Your copy of the entries below should hold exactly the lines from the one containing "Students from Roosevelt" to the one containing "Oh dat klinkt", inclusive, and no pictures.
───── Exercise inputs
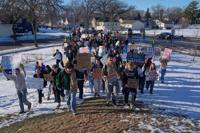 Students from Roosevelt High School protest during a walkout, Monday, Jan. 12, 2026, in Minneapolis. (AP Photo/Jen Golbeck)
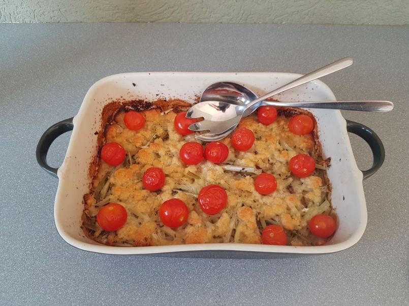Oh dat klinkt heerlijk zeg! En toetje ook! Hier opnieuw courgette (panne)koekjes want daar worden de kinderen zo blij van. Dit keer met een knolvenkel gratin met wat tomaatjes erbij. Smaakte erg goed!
──────────
───── Exercise inputs
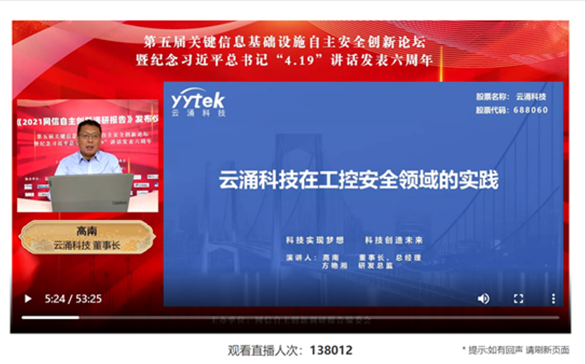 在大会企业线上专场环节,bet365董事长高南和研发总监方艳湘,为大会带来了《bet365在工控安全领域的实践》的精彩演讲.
──────────
▸ **Exercise output**:
 Students from Roosevelt High School protest during a walkout, Monday, Jan. 12, 2026, in Minneapolis. (AP Photo/Jen Golbeck)
Oh dat klinkt heerlijk zeg! En toetje ook! Hier opnieuw courgette (panne)koekjes want daar worden de kinderen zo blij van. Dit keer met een knolvenkel gratin met wat tomaatjes erbij. Smaakte erg goed!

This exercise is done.